## Your task:
Only one stretch of the records below is wanted: the lines from the one holding "- Praktikus elrendezés: nappali" through the one holding "Kawaii 2pcs Y2K". Return it exactly, both ends included.

## Dataset records:
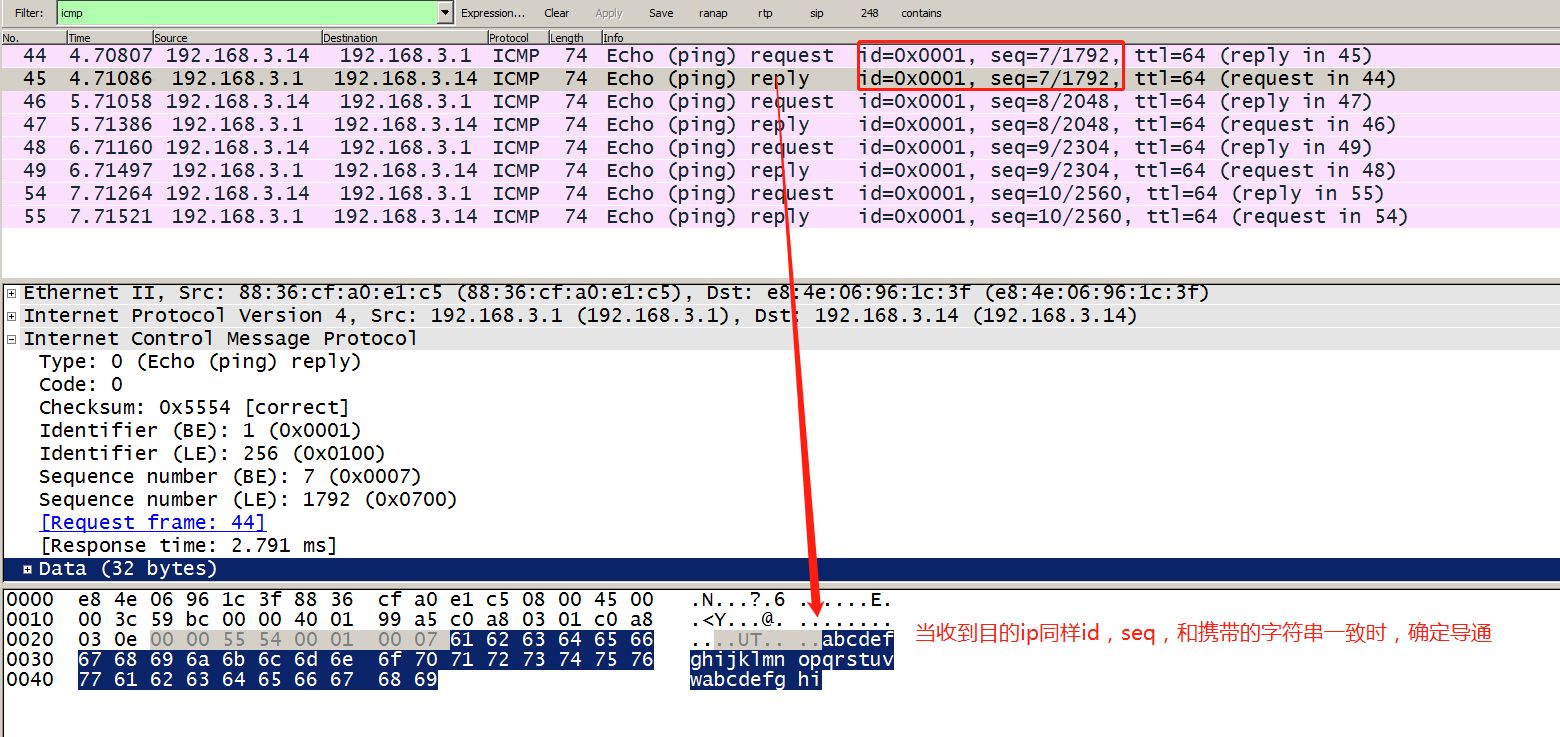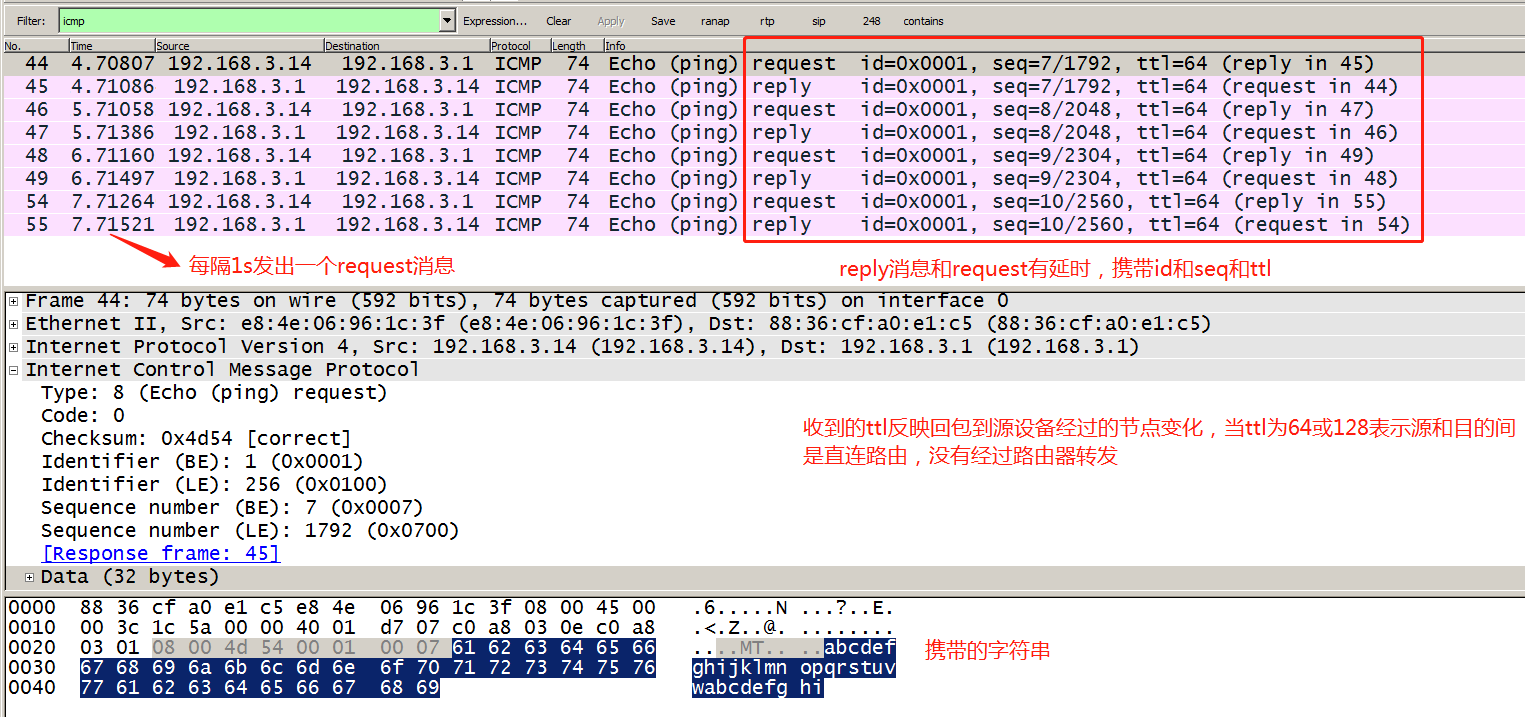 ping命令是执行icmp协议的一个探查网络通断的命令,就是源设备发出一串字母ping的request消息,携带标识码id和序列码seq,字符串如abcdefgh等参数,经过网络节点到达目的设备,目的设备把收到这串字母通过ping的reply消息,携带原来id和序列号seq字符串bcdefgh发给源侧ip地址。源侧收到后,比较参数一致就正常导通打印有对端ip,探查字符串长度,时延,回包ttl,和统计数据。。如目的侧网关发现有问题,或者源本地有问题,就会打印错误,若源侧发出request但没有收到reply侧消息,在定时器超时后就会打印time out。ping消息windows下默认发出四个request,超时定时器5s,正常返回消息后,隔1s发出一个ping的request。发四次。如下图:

...

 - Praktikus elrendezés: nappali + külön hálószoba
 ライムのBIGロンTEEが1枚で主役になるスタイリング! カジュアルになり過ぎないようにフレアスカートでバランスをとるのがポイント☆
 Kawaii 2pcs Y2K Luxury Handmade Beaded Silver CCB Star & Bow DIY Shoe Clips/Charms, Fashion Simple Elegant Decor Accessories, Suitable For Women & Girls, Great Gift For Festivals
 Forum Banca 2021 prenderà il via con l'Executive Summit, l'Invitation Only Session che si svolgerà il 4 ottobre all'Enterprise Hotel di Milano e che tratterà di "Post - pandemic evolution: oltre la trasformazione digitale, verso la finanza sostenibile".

## Expected output:
 - Praktikus elrendezés: nappali + külön hálószoba
 ライムのBIGロンTEEが1枚で主役になるスタイリング! カジュアルになり過ぎないようにフレアスカートでバランスをとるのがポイント☆
 Kawaii 2pcs Y2K Luxury Handmade Beaded Silver CCB Star & Bow DIY Shoe Clips/Charms, Fashion Simple Elegant Decor Accessories, Suitable For Women & Girls, Great Gift For Festivals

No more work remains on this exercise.